Die L-, R- und D-Laute in austronesischen Sprachen. By OTTO DEMPWOLFF. (Sonderabdruck aus der "Zeitschrift für Eingeborenensprachen," Band XV, Berlin, 1925.)

This contribution, although it appeared as a series of journal articles, deserves to be mentioned not only because of its size and importance, but also because the Zeitschrift für Eingeborenensprachen is scarcely known in our country. Dempwolff's study amounts to a comparative Austronesian phonology, probably as complete and detailed as human ingenuity could make it with the data that are available. It thus brings to a conclusion, for the time being, such researches as those of H. Kern and C. E. Conant. Further advance will be possible, it would seem, only when more material can be used. Especially in the Philippine group interest has centered upon the grammars of the early missionaries, as though the languages were not directly accessible. There are few contributions of material, like O. Scheerer's Kalinga Texts (Philippine Journal of Science 19. 175) or the late C. W. Seidenadel's Bontoc Grammar (Chicago, 1909). A result of this scarcity of material is, for instance, that Dempwolff is forced to ignore accent.

Outlining the sound-history of one of the world's largest linguistic stocks, Dempwolff's study ranks as a major contribution to our knowledge of the history of speech.

LEONARD BLOOMFIELD

La Science du Mot: traité de sémantique. Pp. vii + 426. By A. CARNOY. Louvain: Editions "Universitas", 1927.

Professor Carnoy seeks to present a complete treatise on the semantic processes, which had not hitherto been done. He devotes the first chapters (pp. 1-82) to general linguistic and psychological considerations, related to his main subject, and then takes up (pp. 83-378) the various kinds of change of meaning. After this come an excellent history of semantics, with a bibliography (pp. 388-400), a synopsis of the classification (pp. 401-7), and indices (408-26).

The author has in mind also to create for semantics a definite technical terminology, to replace the present unsettled condition of the sub

ject. He accordingly invents some 35 or more terms ending in -sémie (Greek onuela, which does not occur in classical Greek), the prior elements being those well known in technical terms. Thus métasémie denotes in general a change of meaning; métendosémie is a change to a new meaning in which the main emphasis is on a different element already inherent in the old meaning (Abcd becomes aBcd or abCd), as when lunch 'repas de midi' becomes 'collation, petit repas'. Métecsémie is a shift to a new meaning in which at least one of the elements present in the old meaning is no longer present, though at least one such element still remains, as when Latin testa 'cruche' gives French tête 'head'. And so on. It is indeed highly desirable that semantics should have a fixed terminology; but whether Carnoy's scheme will receive acceptance or not is doubtful; for there are two objections to it. First, the words are identical in the second part, which makes them more difficult to distinguish; second, they are all new and unfamiliar, and not infrequently replace terms already familiar in rhetoric, such as metaphor (= métecsémie). A judicious mingling of old and new, with distinctions made by attributive adjectives (which he does indeed sometimes offer as definitions of his subdivisions), would seem more likely to gain acceptance.

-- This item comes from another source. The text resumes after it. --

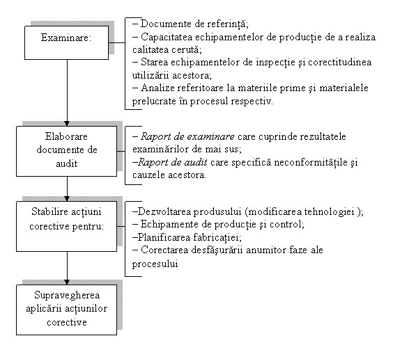 Din analiza factorilor de productie rezulta cauzele care au determinat realizarea produsului la un nivel inferior conditiilor specificate. Managementul firmei auditate are obligativitatea de a initia actiuni corective care sa inlature cauzele generatoare de neconformitati. Astfel de actiuni constau in: modificarea procesului tehnologic de realizare al produsului; modernizarea unor utilaje de productie; instruirea personalului de executie si control; schimbari organizatorice; imbunatatirea planurilor de receptie calitativa; schimbarea furnizorilor, etc.
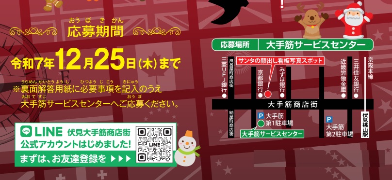 ※応募用紙は12月4日(木)より伏見大手筋商店街内A型看板もしくはサービスセンターにて配布

All the categories are richly illustrated by examples, drawn chiefly from French, Dutch, and English, though German, Latin, and Greek are well represented, and Italian, Spanish, and Slavonic examples are used now and then. Colloquial language and slang, in which Carnoy has made special studies, are cited continually, since they furnish the best basis for semantic demonstration: the old meaning and the new are normally still both present in the speech, and the comparison may be better appreciated than if the old meaning had to be derived by etymological study.

Americanisms are given much attention, quite naturally, since Professor Carnoy spent nearly five years in this country during and after the war, and made some rich collections (rich in two senses). The reviewer does not feel qualified to criticize the examples drawn from idiomatic uses of other languages, but he wishes to examine chiefly those taken from English, and especially from American English; for he feels that the present work illustrates the extreme difficulty confronting the student of idioms of a language which is not his own. If at any point the reviewer errs, he is at least following his own linguistic feeling for his mother tongue.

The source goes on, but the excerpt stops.